Après renvoi de l'affaire devant le Conseiller de la mise en état :
- de nouvelles conclusions d'appelants ont été déposées le 26 juin 2023 pour le compte de Madame [L] [W] agissant en sa qualité d'héritière de son père [J] [W] décédé le [Date décès 28] 2022, de Monsieur [Z] [W], de Madame [TT] [W] et de Madame [WT] [W]

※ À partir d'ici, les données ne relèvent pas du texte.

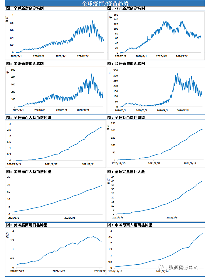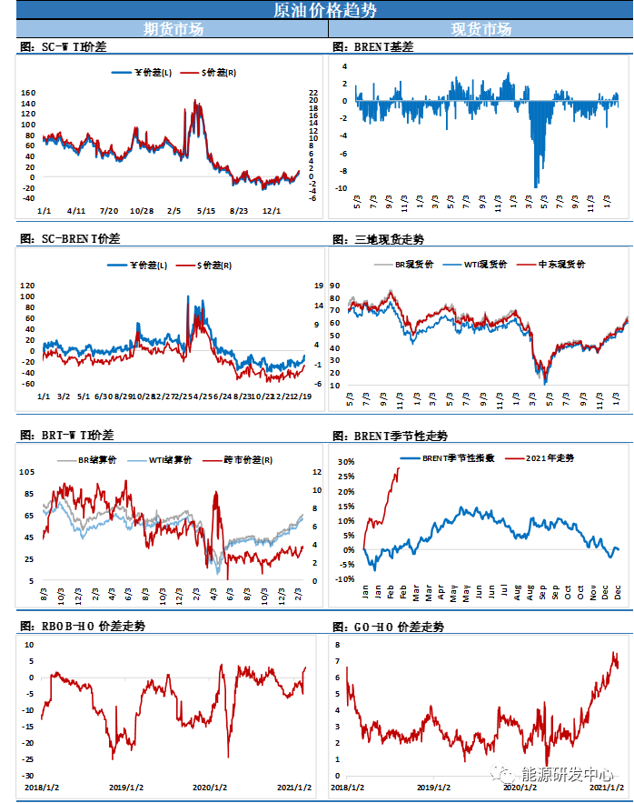 【2】油价涨跌互现,但仍守在一年高位附近;油价周二持稳,收在一年高点附近,有迹象表明全球各国正在放松疫情限制,尽管对美国经济复苏步伐和德克萨斯州石油产量恢复幅度的担忧抑制了涨幅;布伦特原油期货上涨0.13美元,或0.2%,收报每桶65.37美元;美国原油期货下跌0.03美元,收报每桶61.67美元,仍接近2020年1月以来最高水准;这两大合约稍早均上涨逾1美元,之后回落;美国南部的页岩油生产商和炼油商正在缓慢恢复生产。上周的冬季风暴导致200万桶/日石油产能和近20%的炼油产能关闭;休斯顿船运航道交通正逐渐恢复正常。然而,预计石油生产不会很快全面恢复,一些页岩生产商预计第一季度石油产量会下降;路透调查显示,寒流过后,上周美国原油库存料将连续第五周下降,成品油库存亦将下滑;Ritterbusch and Associates总裁Jim Ritterbusch表示,看来,上周的寒流和与之相关的得克萨斯州停电,可能会影响EIA的周度库存数据,直至下月中旬;高盛预计,布兰特原油价格将在第二季度升至每桶70美元,高于此前预测的60美元;第三季度升至75美元,高于此前预测的65美元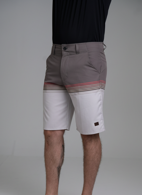 A Bermuda Espectro da Cobra D'agua apresenta uma paleta de cores harmoniosa e sofisticada. A base marrom se complementa com faixas horizontais em tons de cinza, branco, rosa e vinho, criando um efeito visual contemporâneo e versátil. Esse padrão geométrico adiciona dinamismo à peça, permitindo diversas combinações com camisetas básicas, polos ou camisas leves. O corte reto garante um caimento impecável, valorizando a silhueta masculina de forma discreta e elegante. O detalhe do pequeno patch com a logo da marca na lateral direita da perna adiciona um toque de autenticidade e qualidade.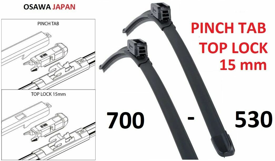 Щётки бескаркасные FW Osawa 700-530 мм (с креплением Pinch Tab; Top lock)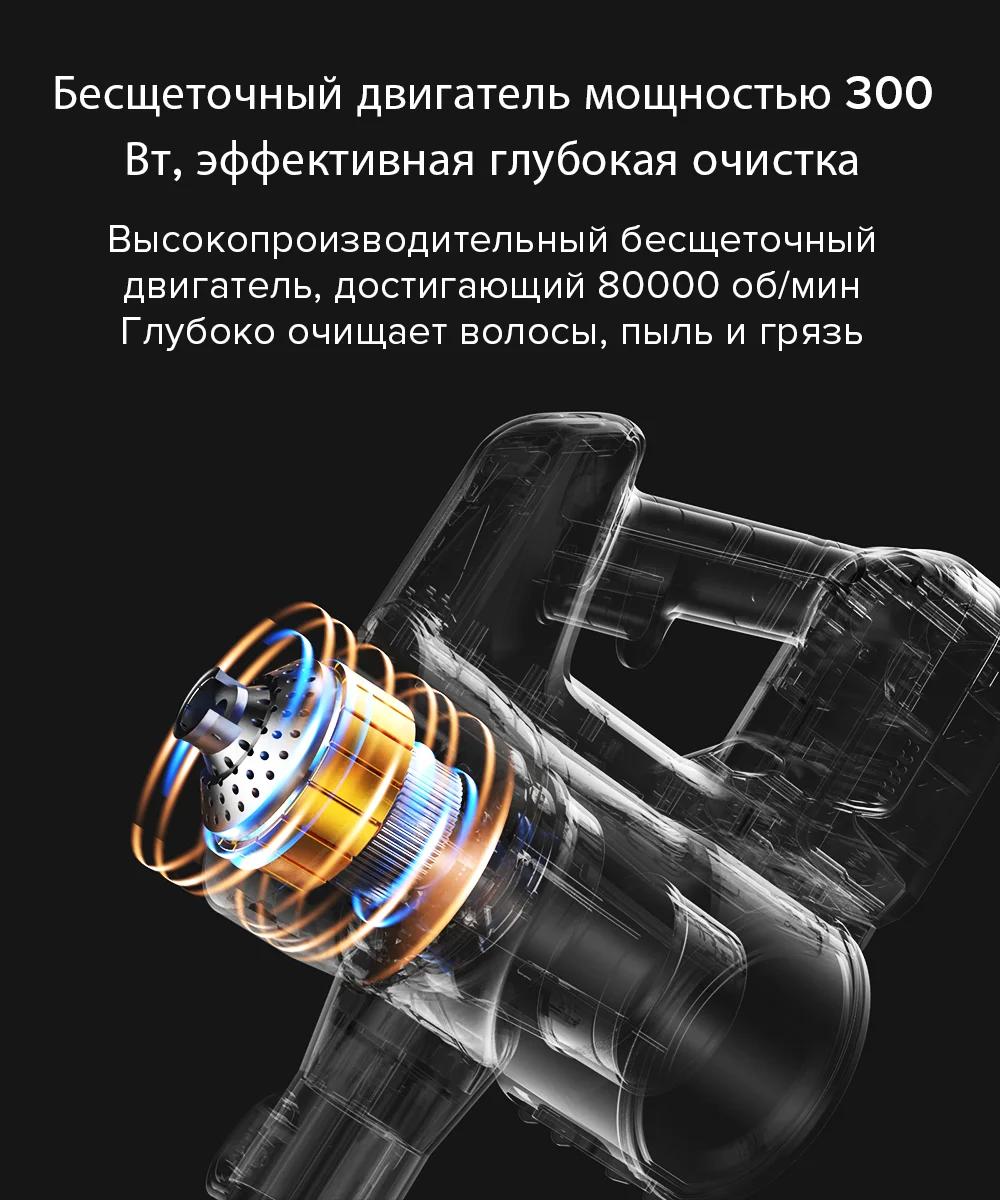 300 Вт бесщеточный двигатель, эффективная Глубокая очистка, высокая производительность бесщеточного двигателя, достигая 80000 об/мин глубоко очищает волосы, грязь и грязь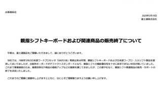 富士通が、親指シフトキーボードおよび親指シフト関連商品の販売・サポートを終了すると発表しました。
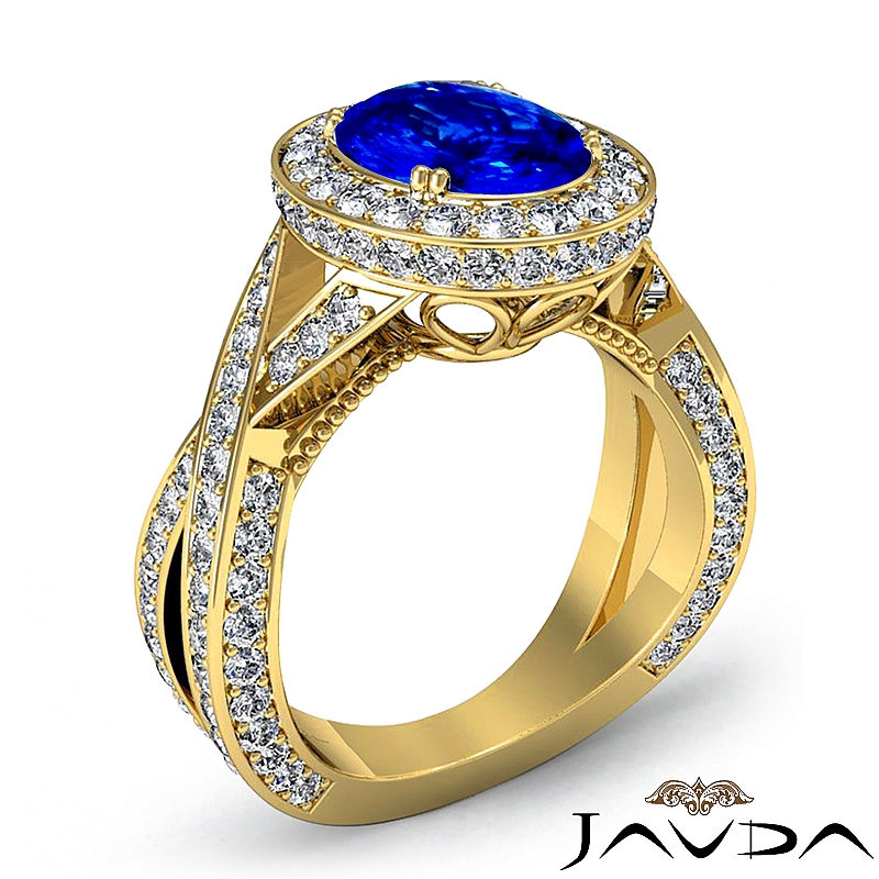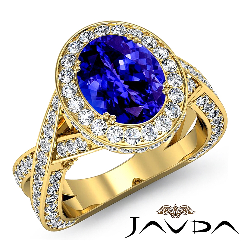 Halo Pave Set Cross Shank style Engagement Ring, center is Oval shape D Block Tanzanite Report by , Color & clarity, Made in 14k Yellow Gold (2.5 ct. tw.)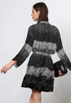 Elevate your style with the Division Kaftan, a dazzling sequin kaftan in a gunmetal shade, accented with a striking black belt and neckline. It’s lined for extra comfort, with a hip-length and oversized design that exudes effortless sophistication. This versatile piece is perfect for seamlessly transitioning from your desk to a dinner outing. For a coordinated and chic look, pair it with our matching Division trousers and make a bold fashion statement that’s sure to turn heads wherever you go. The model wears a size S. Please go down 1 size if you like it better less oversized. Length: 66 cm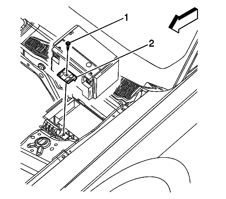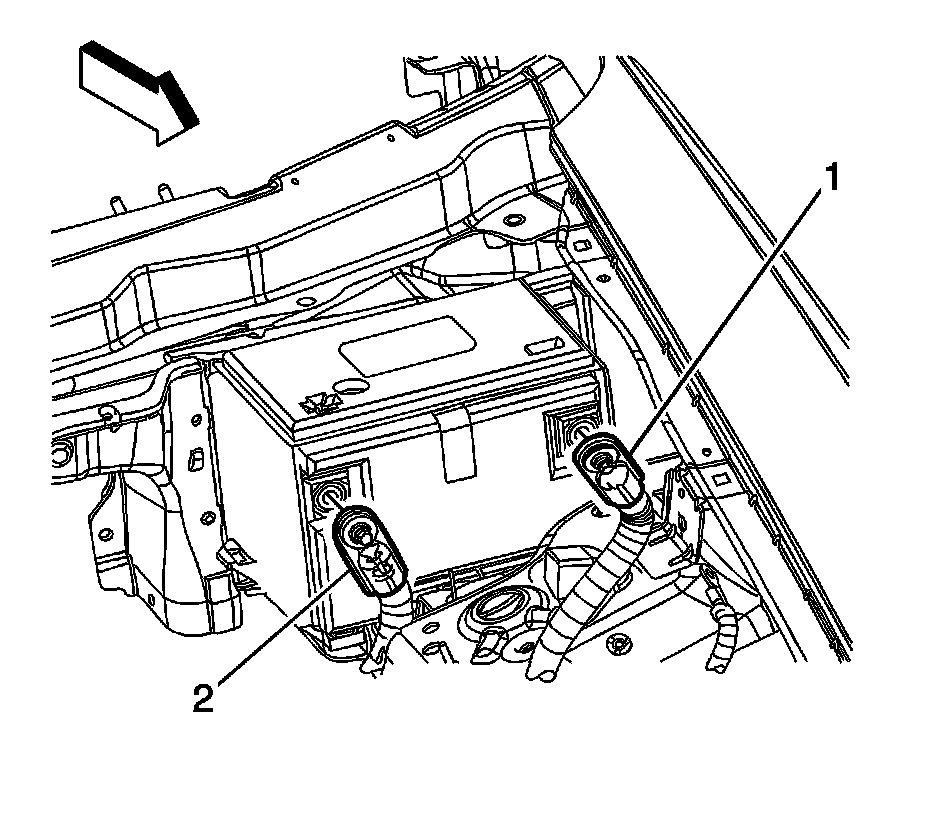 6. Remove the battery hold down retainer bolt (1) and retainer (2).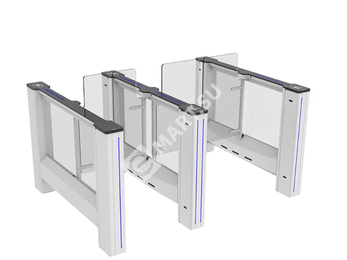 - Скорость и эффективность: Время открывания створки всего 2 секунды, что позволяет обеспечить до 30 проходов в минуту и избежать очередей на проходной.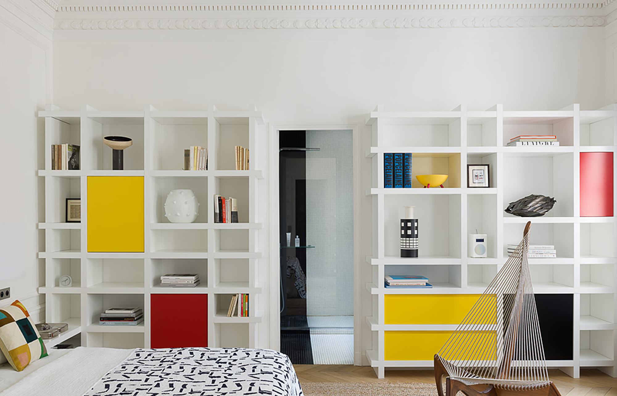 THIS EMPHASIS…on restoration was balanced with an ample dose of modern / contemporary style, with highligts including a custom Mondrian-inspired bookcase by project architect Alireza Razavi and a well appointed curation of iconic 20-21st century furnishings by decorator Sylvie Acker. |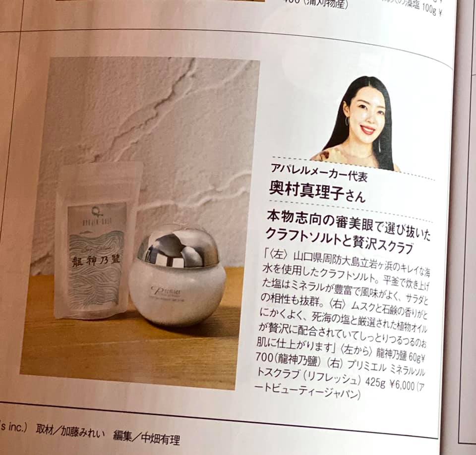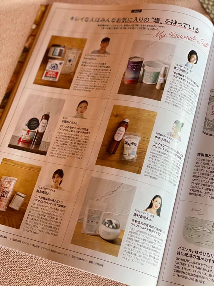 12月28日発売の雑誌CLASSY.にて龍神乃鹽が紹介されました。ファッションブランド「nostalgia」を運営、美容の世界でも広く活躍をされている奥村真理子さんに「お気に入りの塩」として龍神乃鹽をご紹介して頂きました。また、ソルトコーディネーターの青山志穂さんがセレクトされた塩も紹介されており、東京戸越銀座にある塩専門店solcoさんの取り扱い商品も紹介をされております。塩専門店solcoさんには店舗専用のボトルにて龍神乃鹽のお取り扱いを頂いております。
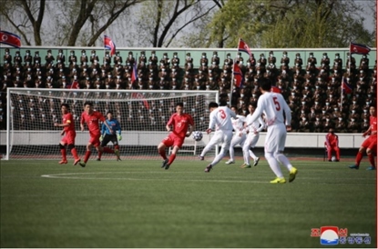 報道稱,首先進行了朝鮮內(nèi)閣和國防省職員的足球比賽,兩隊攻防激烈,最終以1:1戰(zhàn)平,隨后進入了點球大戰(zhàn),國防省隊以5:3力克內(nèi)閣隊。

- la procédure devant la Cour a fait l'objet d'une nouvelle clôture prononcée par ordonnance du 20 septembre 2023.
Prétentions des parties
Dans leurs dernières conclusions en date du 26 juin 2023, Madame [L] [W] agissant en sa qualité d'héritière de son père [J] [W] décédé le [Date décès 28] 2022, Monsieur [Z] [W], Madame [TT] [W] et Madame [WT] [W] (ci-après dénommés les Consorts [W]) demandent en substance à la Cour :
- de déclarer leur appel partiel recevable et fondé
- de réformer en toutes ses dispositions le jugement rendu le 15 juillet 2021 par le Tribunal Judiciaire de LIMOGES
- de déclarer irrecevable comme prescrite l'action fondée sur l'article 1302 du Code Civil, présentée par les Consorts [G]-[W], et en toute hypothèse, de la déclarer mal fondée
- de dire et juger n'y avoir lieu à réévaluer la valeur de l'exploitation agricole telle que fixée dans la dation en paiement comme jugé par le Tribunal dans son jugement du 9 février 2017
- de dire n'y avoir lieu à homologation des projets de liquidation-partage établis par Maître [T] [F] Notaire à [Localité 35] les 10 janvier 2019 et 2 avril 2019
- de dire n'y avoir lieu de condamner
* Monsieur [J] [W] de verser en l'Etude de Maître [T] [F], la somme de 25.156,47 € à titre de soulte
* Monsieur [Z] [W] de verser en l'Etude de Maître [T] [F],la somme de 42.372,57 € à titre de soulte
- d'ordonner l'ouverture des opérations de succession de Monsieur [J] [W] décédé le [Date décès 28] 2022, et prendre acte qu'elles ont été confiées à Maître [C] Notaire à [Localité 33]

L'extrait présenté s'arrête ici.